The Haberman’s Survival dataset, using its 3 attributes, are presented in Figure 6 to describe the proposed method in more detail, where each attribute corresponds to each input of the fuzzy inference systems. The information of each instance enters its corresponding fuzzy inference system input of the Sugeno Model to obtain a classification.

Figure 6. Sugeno Model Type-3 FIS applied to Haberman’s Survival.

The search space is defined by an analysis of the design set. The minimum and maximum values of each attribute are calculated by Equations (19) and (20).

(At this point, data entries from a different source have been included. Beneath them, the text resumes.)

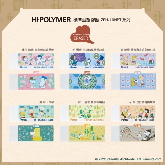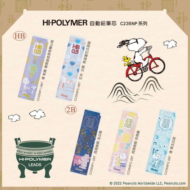 HI-POLYMER自動鉛筆芯」HB有「紫色款霽青描金游魚轉心瓶」和「藍色款青瓷蓮花式溫碗」;2B有「靛色款毛公鼎」、「粉色款宗周鐘」、「淺藍款翠玉白菜」,其中最可愛的毛公鼎,可見史努比化身考古學家,認真研究文化遺跡!
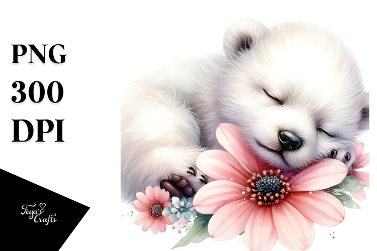 Watercolor Baby Flower Digital Sleeping Polarbear Bigeyes Smallbody
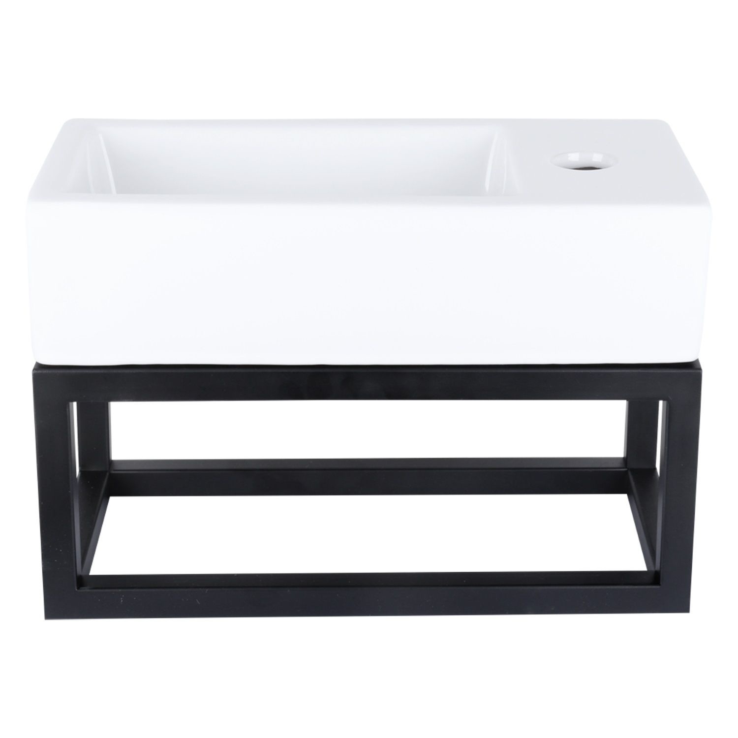 De wastafel is enkel op een manier te plaatsen namelijk recht tegen de muur met de zijkant.
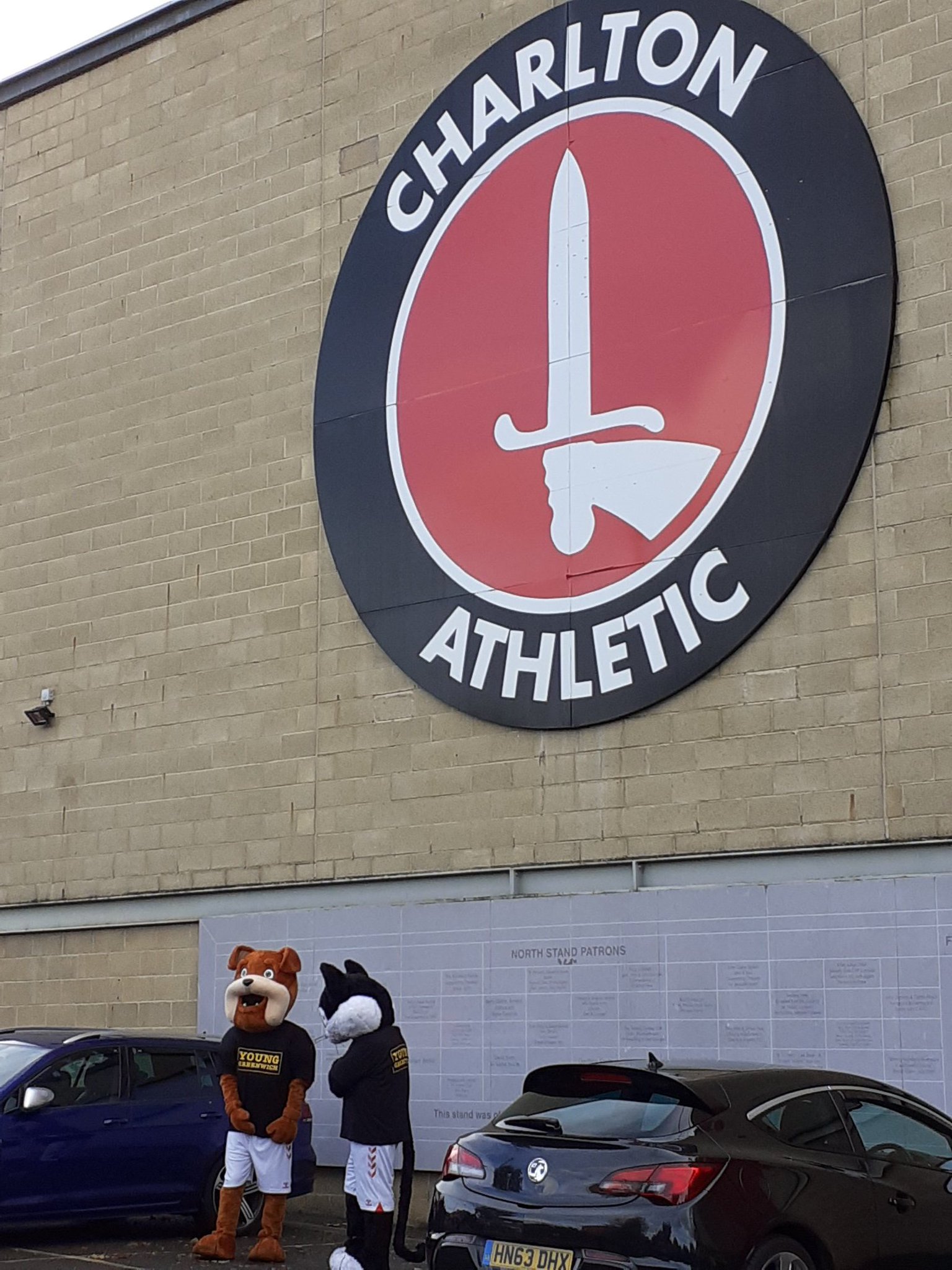 Charlton has a good community feel to it. They posted a message on Twitter detailing the places where families could go and get photos taken with the clubs mascots; Floyd and Harvey. I thought it was Harley as the cat is clearly a lady with that lovely bow. I also love a giant badge adorning a wall. I like Charlton’s badge in general. It’s a simple one with a bloke holding a sword but it works. It looks great on the club jackets that seem to be more popular than replica shirts around the Valley.

V_{m i n} = \min \{{a t t r}_{1}^{j}, {a t t r}_{2}^{j}, {a t t r}_{3}^{j}, \dots, {a t t r}_{i}^{j}\}

(19)

V_{m a x} = \max \{{a t t r}_{1}^{j}, {a t t r}_{2}^{j}, {a t t r}_{3}^{j}, \dots, {a t t r}_{i}^{j}\}

(20)

where j is the corresponding attribute (from 1 to n), and i represents the number of instances used in the design set. The minimum and maximum ranges of the fuzzy input are calculated by Equations (21) and (22).

R_{m i n} = V_{m i n} - (V_{m i n} * 0.10)

(21)

R_{m a x} = V_{m a x} + (V_{m a x} * 0.10)

(22)

Equations (19)–(22) are used for each attribute of the dataset. With those calculations, all the ranges for the fuzzy inputs are automatically generated. An example of the ranges for Haberman’s Survival dataset is shown in Table 2.

Table 2. Examples of ranges for the Haberman’s Survival dataset.

Figure 7 shows an example of the fuzzy inputs corresponding to Haberman’s Survival dataset attributes, where its ranges can be observed.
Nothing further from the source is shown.